People still couldnt get enough of the sight of us, strolling through the market with our bloody-fruit soaked fingers like we were casually departing from a violent crime scene. A grey haired vendor in a nón lá couldn't seem to take it anymore. She abandoned her stall, waddled up to us and waggled her finger no, as if to say, stop eating that right now. She chattered excitedly at us. Mike understood some of it. In Vietnamese medicine, the fruit is hot food. Bad to eat. Mike said thanks and we walked away.

We didn't walk another ten feet before some other ladies stopped us. They warned us, if we keep eating that fruit, we'll get stomach aches. To emphasize their sincerity, one of the ladies jabbed a plastic bag toward me to put the gấc inside.

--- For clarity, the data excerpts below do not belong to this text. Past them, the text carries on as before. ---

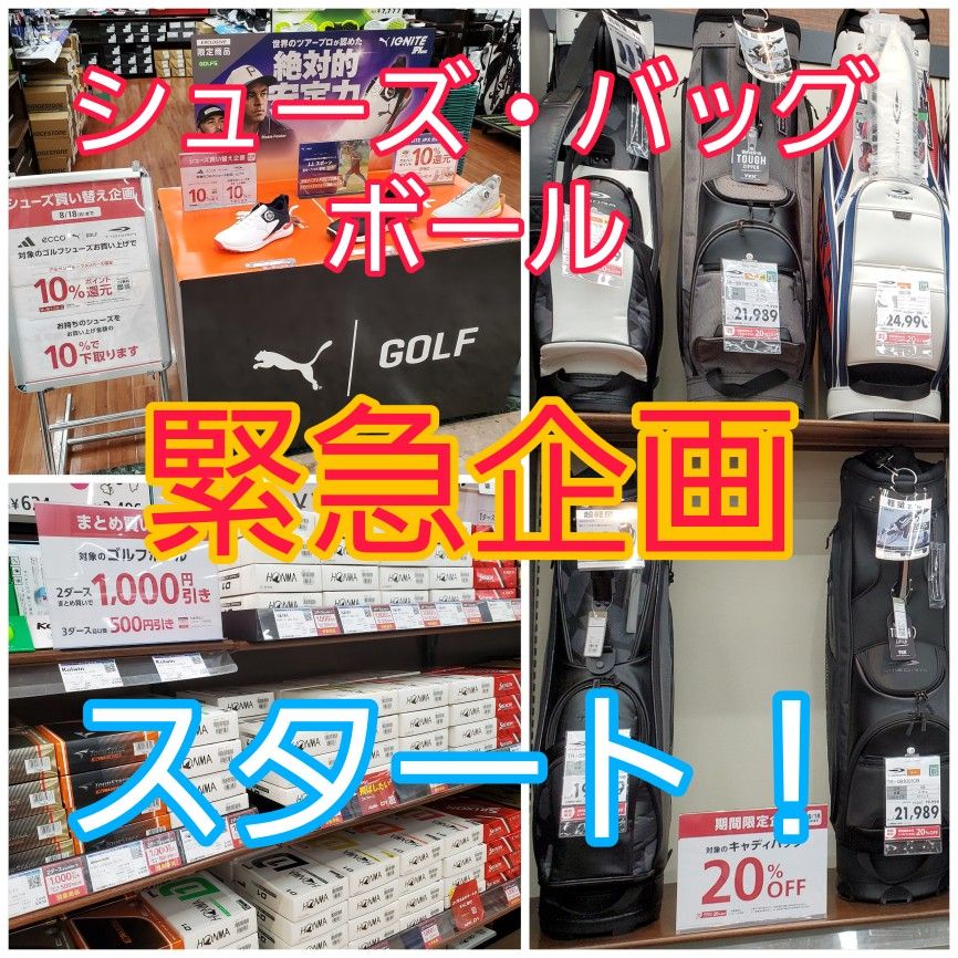 8月18日(月)迄の期間限定にて、「ゴルフシューズ・キャディバッグ・ゴルフボール」をお値打ちにお買い求めいただける「緊急企画」がスタートしました♪
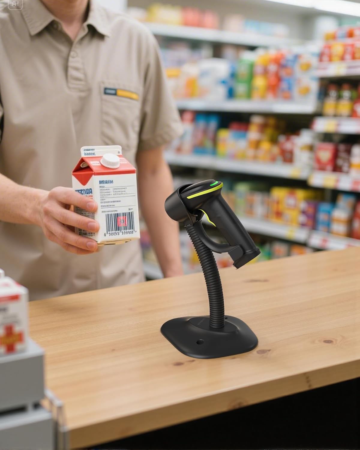 - Wide Range of Applications: Equipped with a stand, the scanner automatically switches the scanning mode when placed on the stand. It supports three notification methods, light, vibration, and beep, and supports manual scanning mode, continuous scanning mode, and hands-free mode, suitable for warehouses, convenience stores, libraries, etc. In inventory mode, it can store 270,000 barcodes, each with a length of 13 characters
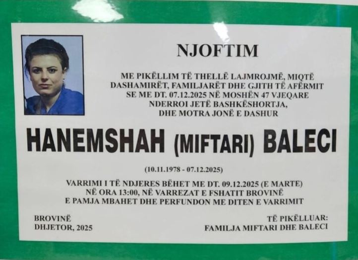 Ceremonia e varrimit të 47 vjeçares Hanumshahe Miftari, do të mbahet në ora 13:00 në fshatin Brovinë.

I haven't been sick since I got here, and in no mood to break my stride. I still don't know why the fruit was supposedly bad to eat. Wikipedia has nothing but good things to say about it, (unlike the soursop, which I had last week and is allegedly linked to Parkinsons). Better safe than otherwise, I bagged remaining gấc and threw it on a pile of trash in the sunny gutter outside. I ducked back into the market, found Mike, and then found the old lady. She looked so relieved to see us without the gấc that she gave us six lychees. Another hot food. And for some reason, they were the best I have ever tasted. No stomach ache, either.

Provender
- breakfast: rice and omlette
- lunch : rice and xa pô chê (This was the bitter fruit I tried a few days ago; when it's actually ripe, it's heavenly)
- dinner: Nui, coconut rolls and beer.